The Board of Directors of HOLLY LAKE ASSOCIATION, INC., a corporation not-for-profit (hereinafter referred to as the “Association”), organized and existing under the laws of the State of Florida, has hereby agreed, consented to, adopted, and ordered the following Corporate Resolution:

WHEREAS, the Association is the homeowners’ association, organized pursuant to Chapter 617 and Chapter 720 of the Florida Statutes, responsible for the maintenance, management, and operation of the Holly Lake community; and

WHEREAS, Article X of the Declaration of Covenants, Restrictions, Limitations, Conditions, Charges and Uses governing the community grants the Association a right of first refusal as to the sale and transfer of lots and homes in the community; and

WHEREAS, Article IV of the Declaration of Covenants, Restrictions, Limitations, Conditions, Charges and Uses governing the community, as well as its appended Management Contract (including Article V), provisions Fourth (including paragraph (e)) and Eleventh (including paragraph (c)) of the Articles of Incorporation, and Article VIII (including Section 1(a) and (b)) of the By-Laws grant the Board of Directors of the Association authority to promulgate, revise, amend, adopt, and approve reasonable rules and regulations governing the use of lots and homes in the community; and

WHEREAS, the Board of Directors wishes to improve a process of gathering information for consideration of the exercise of its right of first refusal as related to lot purchases; and

WHEREAS, the Board of Directors wishes to ensure that purchasers, tenants, and occupants of lots and homes have the ability and desire to meet their obligations to the Holly Lake community—both financial and otherwise—and which, if screened and given Association approval, may better ensure that purchasers, tenants, and occupants are aware and better able to meet their responsibilities to the community; and

WHEREAS, the Board of Directors has the authority, as set forth above, to require the screening and approval of proposed purchasers, transferees, tenants, and occupants of lots and homes, by the Board of Directors, prior to the closing of a sale or transfer or the commencement of a lease or occupancy (as well as prior to the time of a lease renewal),

NOW THEREFORE, the Board of Directors has hereby adopted the following Resolution:

residents, the Board of Directors of the Association hereby requires that all prospective purchasers, transferees, tenants, and occupants of lots and homes in the community must submit to a screening and approval process prior to commencing ownership or occupancy at a lot or home as follows:

I. The prospective purchaser/transferee/tenant/occupant must (i) submit an
application for approval of his/her purchase/transfer/lease/occupancy on forms provided by the Association, (ii) provide any and all documentation/information reasonably requested by the Association, (iii) submit (at his/her own expense) to a background check, in a manner and with a company selected by the Association, and (iv) pay to the Association any reasonable screening/transfer fee imposed by the Board.

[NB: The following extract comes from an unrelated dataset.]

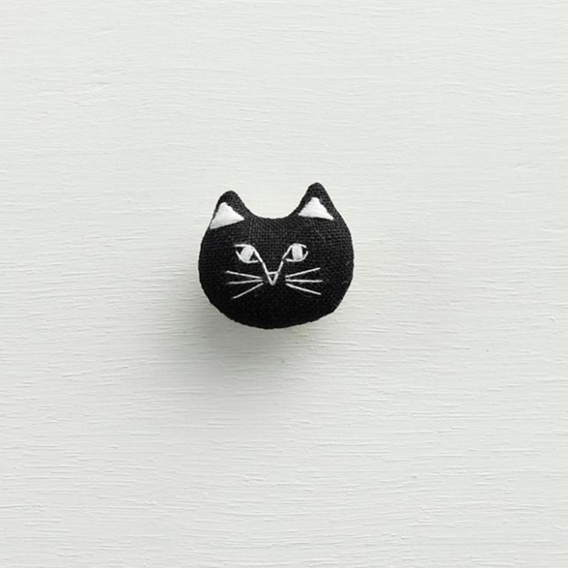 ベレーや洋服につけてもかわいいねこ顔ブローチ。

2. Upon the Association’s receipt of the application, information/documentation, background check, and payment (if applicable), the purchaser/transferee/tenant/occupant, if requested by the Board of Directors, will appear for an interview before the Board or a screening committee (established by the Board).

3. Upon completion of the foregoing, the Board of Directors shall issue written notice to the owner of the applicable lot/home as to whether the proposed purchaser/transferee/tenant/occupant and purchase/transfer/lease/occupancy have been approved or disapproved. At the same time, the Board of Directors shall issue written notice to the prospective purchaser/transferee/tenant/occupant indicating whether he/she has been approved or disapproved and, if disapproved, the reasons therefor.

4. Disapprovals shall only be given for good cause, according to criteria which may be established by the Board. Until such criteria is altered or amended, the following may be considered good cause for disapproval:

A. The application for approval, on its face or through subsequent investigation, indicates that the person seeking approval intends to conduct himself/herself or the ownership/occupancy in a manner that is inconsistent with the rules and restrictions of the community.

B. The person seeking approval has been convicted of a felony involving violence to persons or property, or demonstrating dishonesty or moral turpitude.

C. The person seeking approval has a record of financial irresponsibility, including (without limitation) bankruptcies, foreclosures, or bad debt.

D. The owner of the lot/home has permitted the prospective tenant/occupant to take possession of the premises prior to issuance of an approval by the Association.

E. The person seeking approval has a history of disruptive behavior or disregard for the rights and property of others as evidenced by his or her conductin other social organizations, communities or associations, or by conduct in the Holly Lake community as a homeowner, tenant, or occupant.

F. The person seeking approval has failed to provide the information, fees, or appearance required to process the application within the time provided by the Board.

G. All assessments, fines, and other charges against the lot/home or its owner have not been paid in full.

H. The person seeking approval has given false, incomplete, or misleading information on the application.

5. In no event, however, shall a proposed purchaser/transferee/tenant/occupant or sale/transfer/lease/occupancy be approved until all maintenance fees and assessments, both regular and special, as well as fines and other monetary obligations, which are due as to or with regard to the subject lot/home, have been paid in full.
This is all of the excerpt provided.